BEGIN
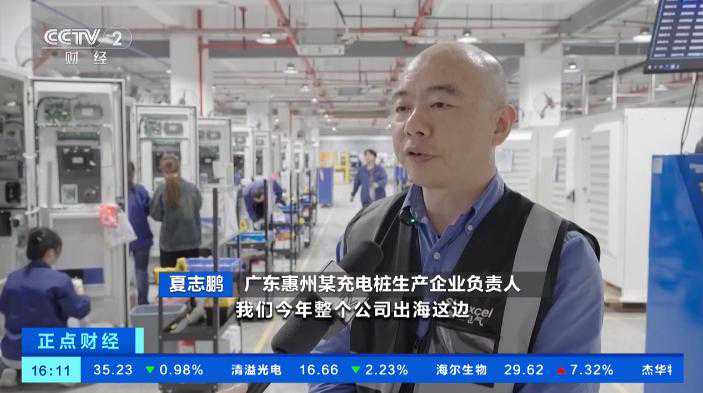 广东惠州某充电桩生产企业负责人夏志鹏:我们今年出海充电桩的业务预算比去年增长300%。
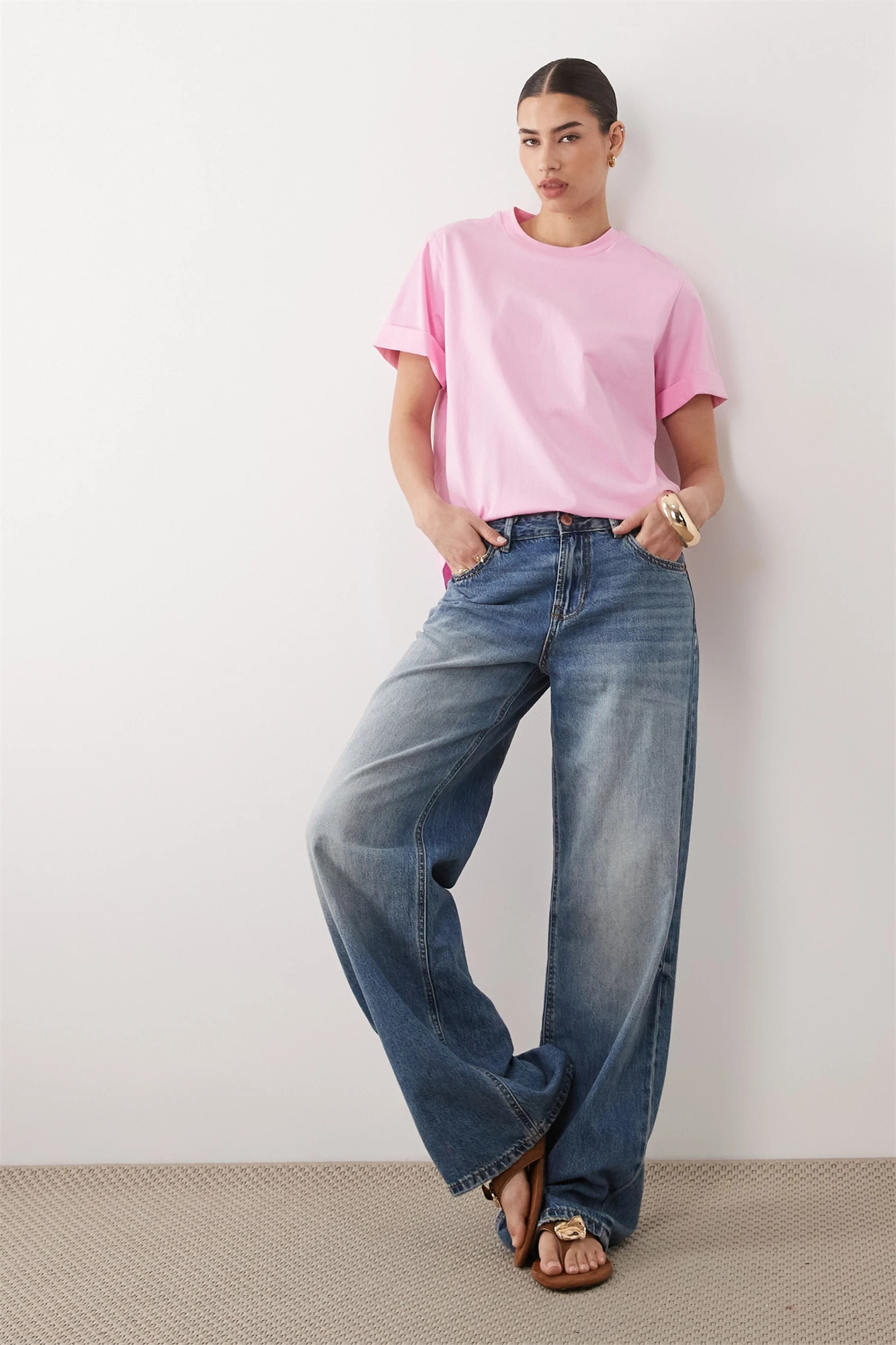 Футболка свободного кроя с закатанными рукавами
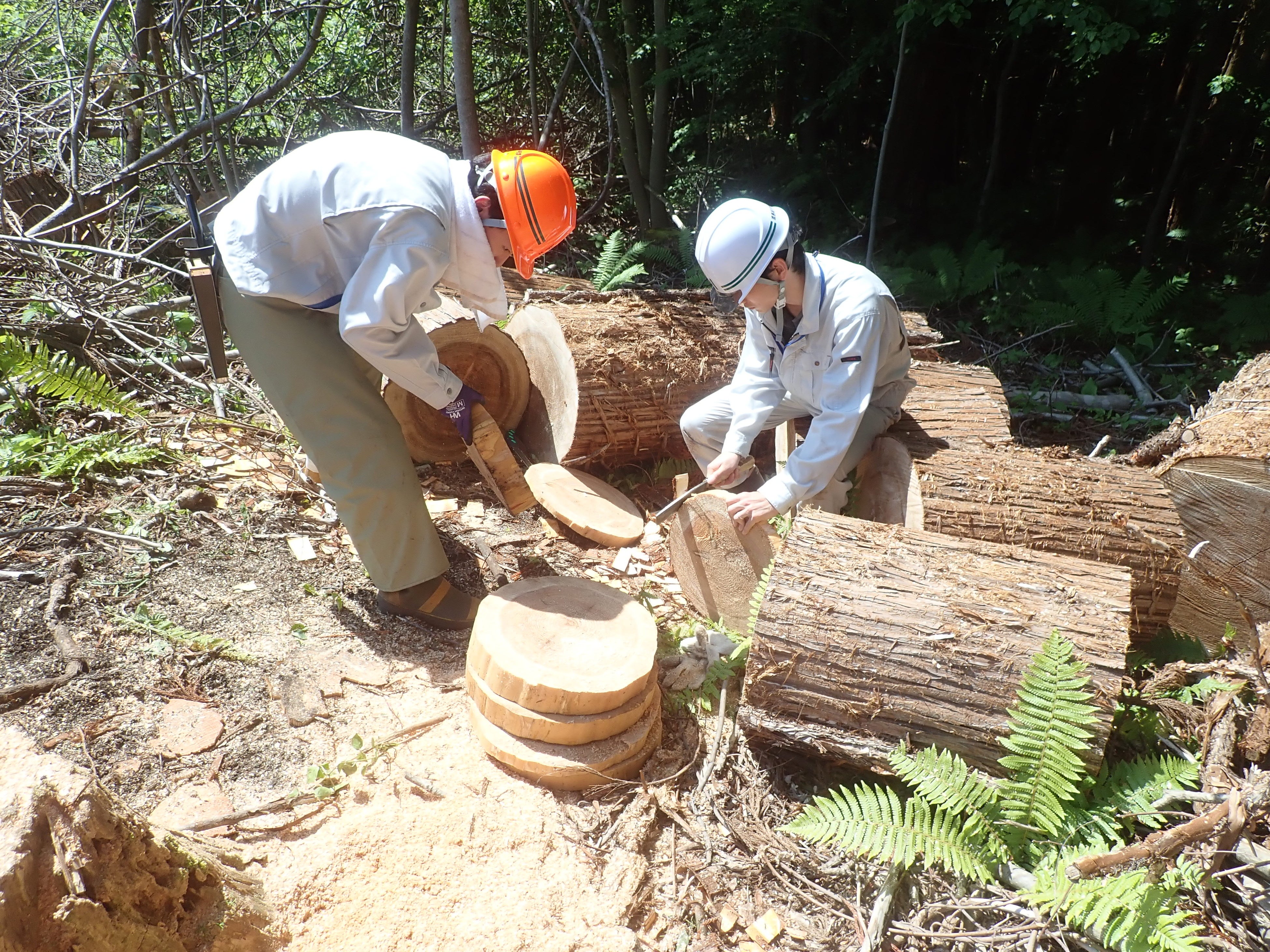 座面となる丸太を輪切りにした円盤は、造材時に山へ放置される林地未利用材からチェーンソーで切り出し調達しました。
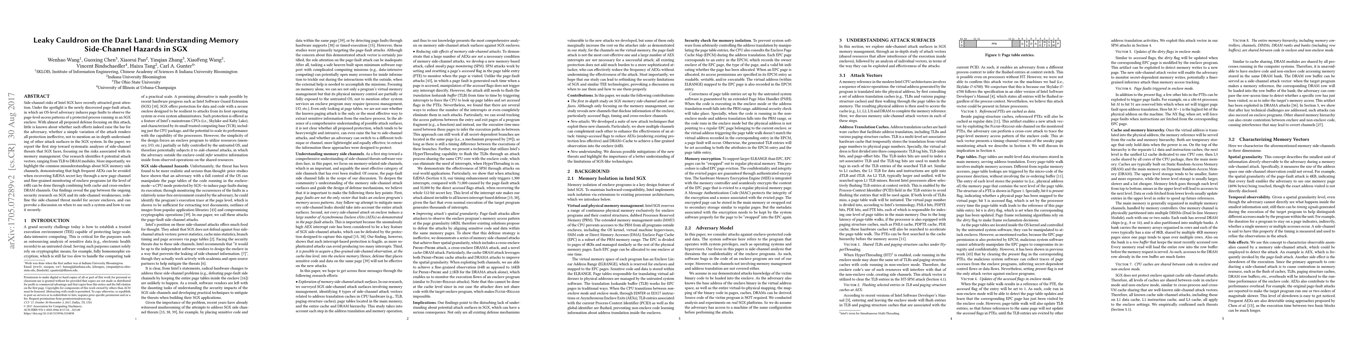 Researchers identified 8 potential attack vectors in Intel's SGX memory management, including TLB to DRAM modules, and found that high frequent page faults can be avoided with fine-grained monitoring of enclave programs.
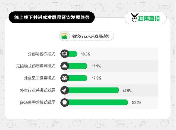 調(diào)研報告指出,對于從業(yè)者而言,開展多場景融合經(jīng)營方式可有效緩解疫情帶來的經(jīng)營壓力,堂食+外賣的線上線下并進式發(fā)展是餐飲業(yè)的主流趨勢。
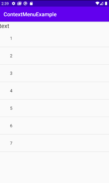 onCreateContextMenu를 통해 길게 누를 시 context menu가 보이도록 설정합니다.
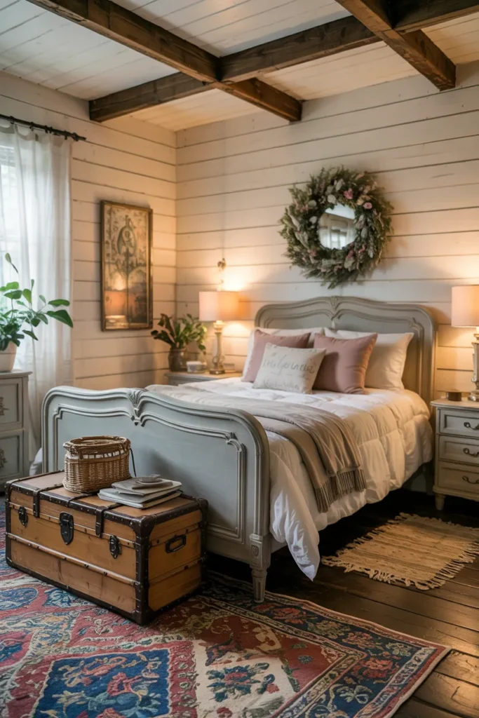 Vintage trunks under the bed add charm while storing seasonal clothing or keepsakes. They’re decorative and practical at the same time.
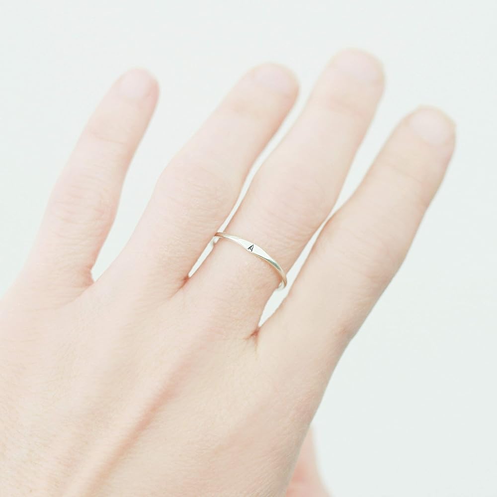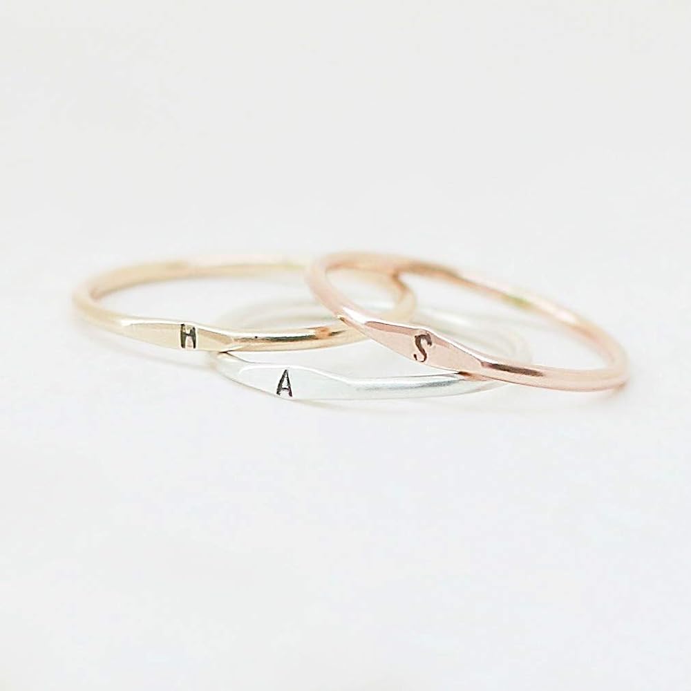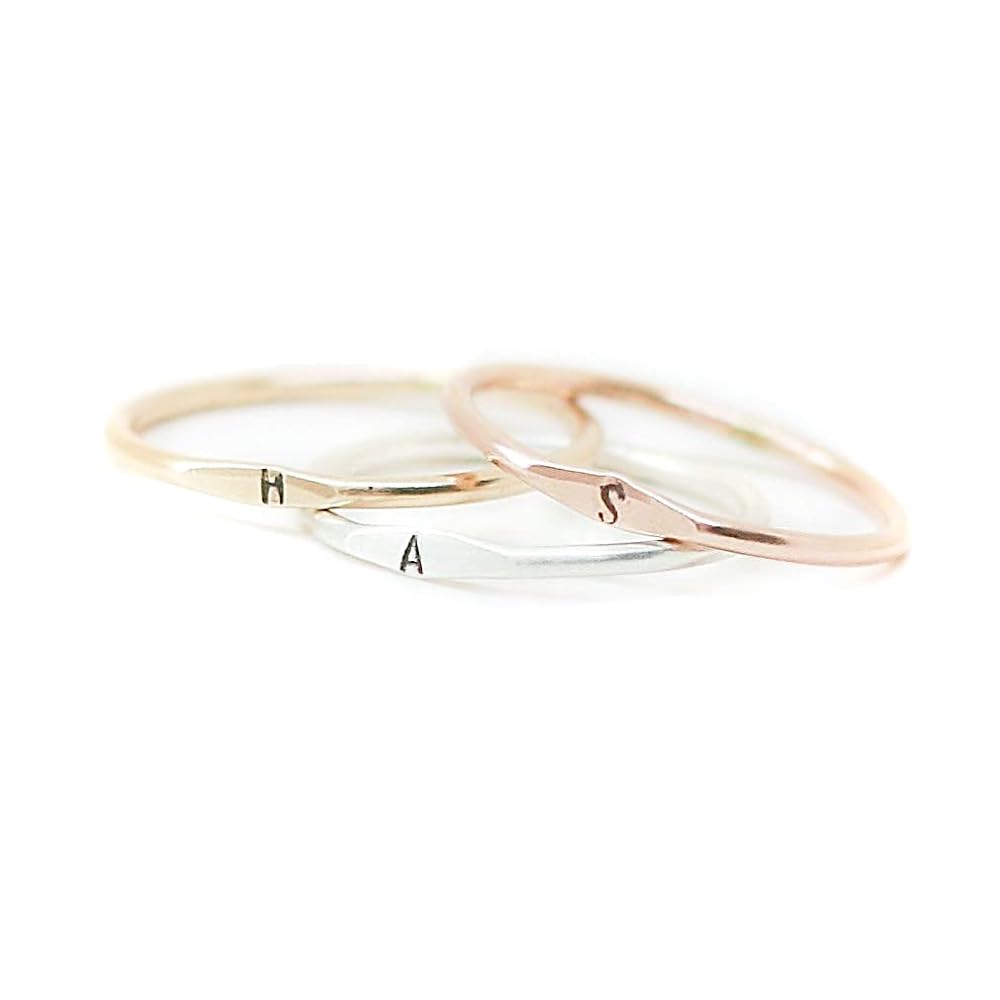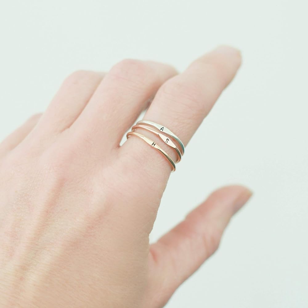 A little secret of a letter. Our slim 1.3 mm band is hand formed, soldered, hammered and stamped with your tiny initial in sterling silver, gold or rose fill. Wear one, or stack them for all your loves. ♥ Listing is for one ring. Choose multiples with the drop-down menu.
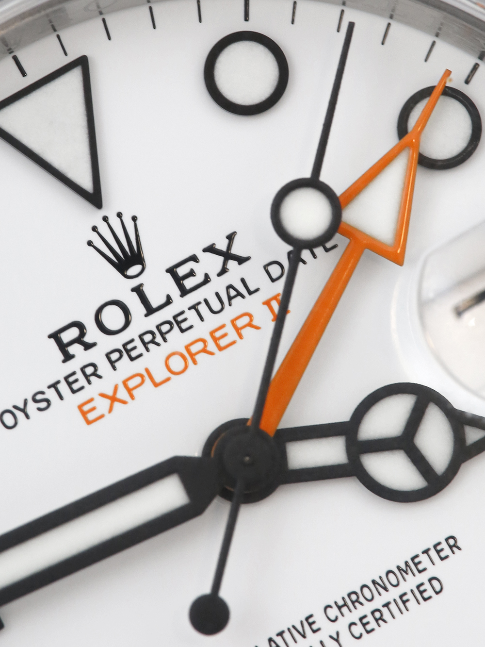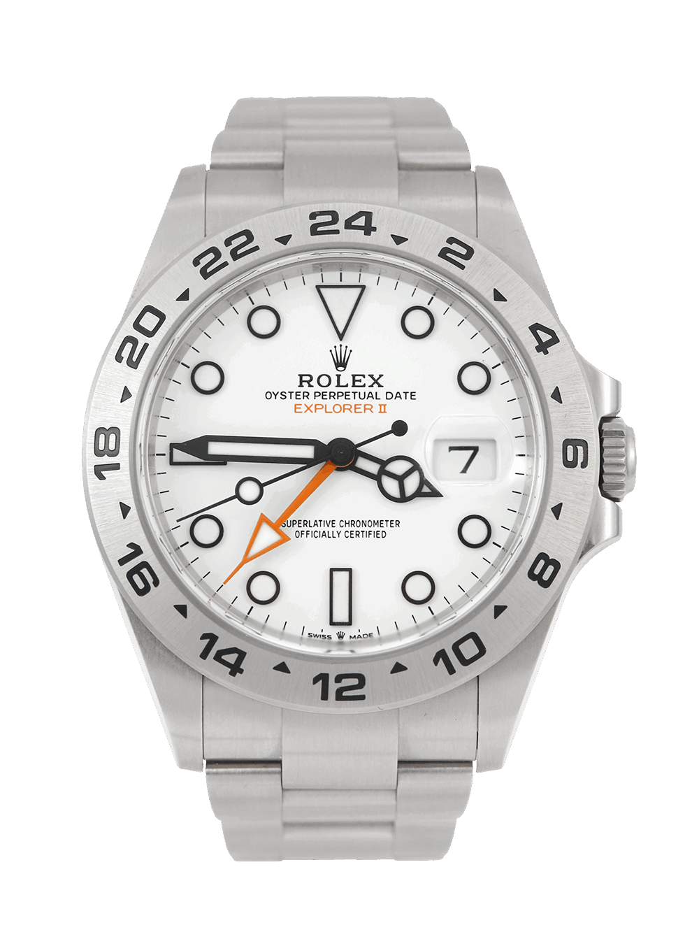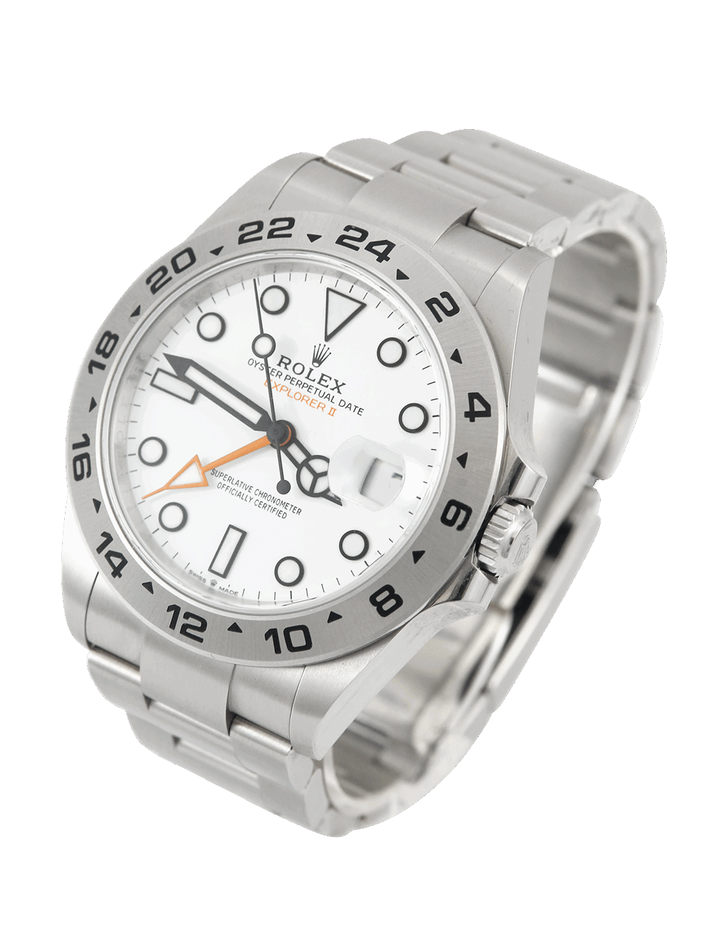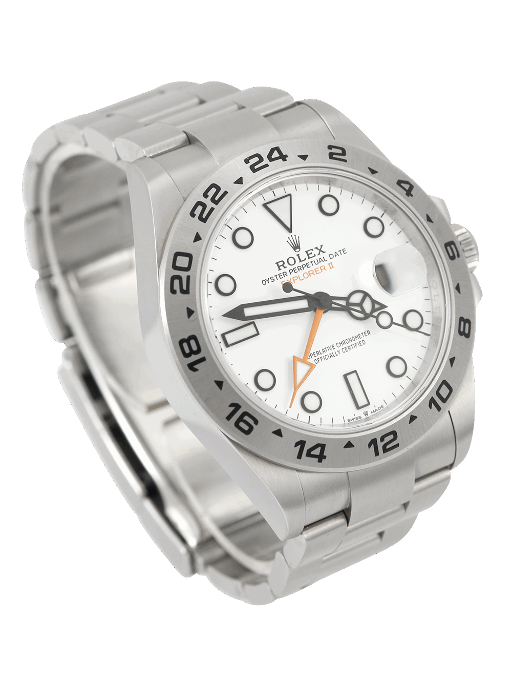 A pre-owned in excellent condition unpolished 42mm case size Oyster Steel superlative chronometer, calibre 3285, automatic movement Rolex Explorer II model reference 226570 featuring a white baton dial housing a date aperture at 3 O’clock and an orange GMT hand which is true to the original Rolex Explorer design. The dial is surrounded by a non-moving 24-hour bezel and the watch comes on a full retail length brushed finish Oyster Steel Rolex Oyster bracelet.
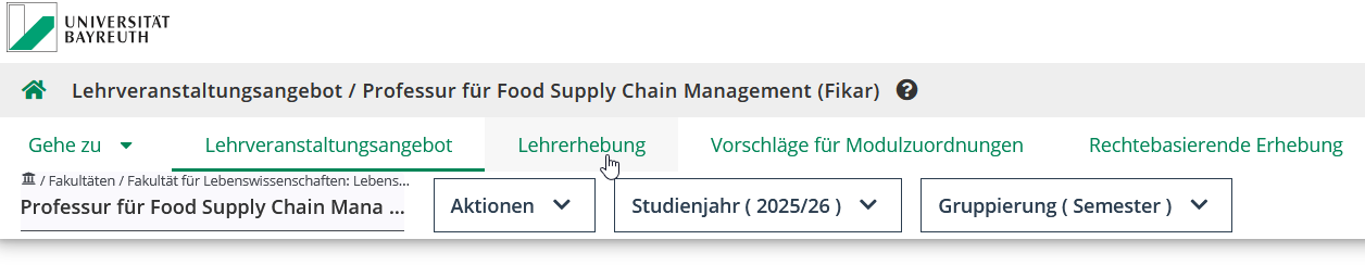 Um Änderungen am Lehrangebot einer OE vorzunehmen, müssen Sie die Ansicht erst vom Lehrangebot auf die Lehrerhebung wechseln. Dies können Sie entweder über Ihre Startseite und die Applikation Lehrerhebung oder indem Sie im Lehrangebot im Menü auf die Lehrerhebung wechseln.
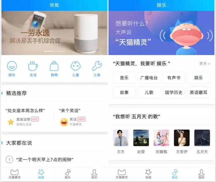 在音频内容上,天猫精灵接入了虾米音乐和喜马拉雅 FM,除此之外还有像「乐只」、「闹闹女巫店」这些服务商提供的个性化内容。如果你不知道要听什么,在天猫精灵 X1 的 app 内会有一个指引,告诉你它都能播放哪些内容。对于之前没有接触过智能音箱的用户来说,这样的引导工作是有一定价值的。
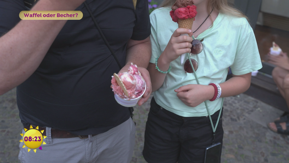 Waffelgesicht oder Becher-Typ? Könnt ihr erkennen, ob der Einkäufer ein Eis in der Waffel wählt oder ein Eis im Becher? Marlene und Boschi machen mit Lukas den Test …
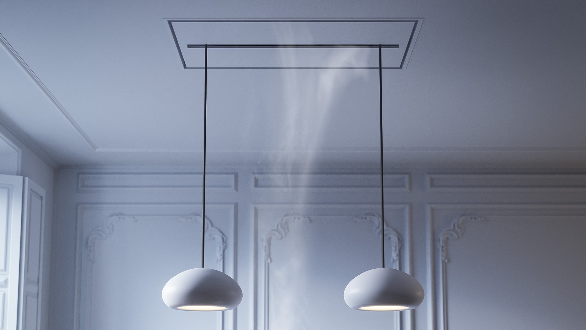 Supernova is a ceiling hood where the extraction unit, in painted stainless steel (matt white), is entirely integrated in the false-ceiling. The two domes in ceramic, hand-made and hand-painted by Deruta artisans, properly light up the hob. According to the design and the kitchen project, it is possible to add one or more ceramic Lamps
END
An exact transcription is needed of the lines from the one with "Vintage trunks under" to the one with "A pre-owned in" above, both ends included, with pictures left out.

* EXERCISE OUTPUT
 Vintage trunks under the bed add charm while storing seasonal clothing or keepsakes. They’re decorative and practical at the same time.
 A little secret of a letter. Our slim 1.3 mm band is hand formed, soldered, hammered and stamped with your tiny initial in sterling silver, gold or rose fill. Wear one, or stack them for all your loves. ♥ Listing is for one ring. Choose multiples with the drop-down menu.
 A pre-owned in excellent condition unpolished 42mm case size Oyster Steel superlative chronometer, calibre 3285, automatic movement Rolex Explorer II model reference 226570 featuring a white baton dial housing a date aperture at 3 O’clock and an orange GMT hand which is true to the original Rolex Explorer design. The dial is surrounded by a non-moving 24-hour bezel and the watch comes on a full retail length brushed finish Oyster Steel Rolex Oyster bracelet.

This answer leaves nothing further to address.